**What the task asks**.
Copy the data exactly; pictures stay out of the copy.

**Input data**.
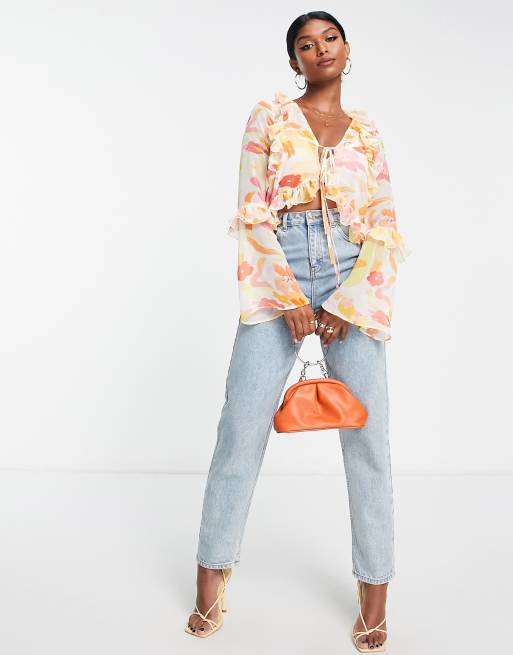 ASOS DESIGN tie front frill neck sheer blouse in print ASOS Very well made.
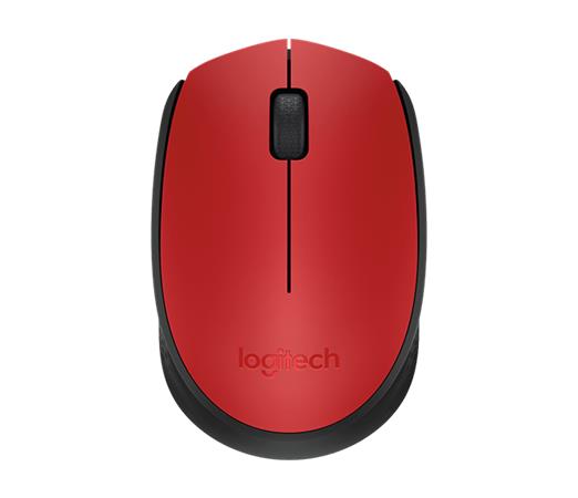 Egér, vezeték nélküli, optikai, közepes méret, USB, LOGITECH "M171", piros
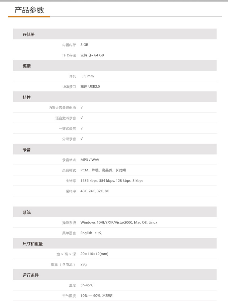 用途:会议存储卡类型:TF卡容量:8G形状:棒棒型电池规格:锂电池功能:录音屏幕:非触摸屏外观材质:塑料

**Final answer**.
 ASOS DESIGN tie front frill neck sheer blouse in print ASOS Very well made.
 Egér, vezeték nélküli, optikai, közepes méret, USB, LOGITECH "M171", piros
 用途:会议存储卡类型:TF卡容量:8G形状:棒棒型电池规格:锂电池功能:录音屏幕:非触摸屏外观材质:塑料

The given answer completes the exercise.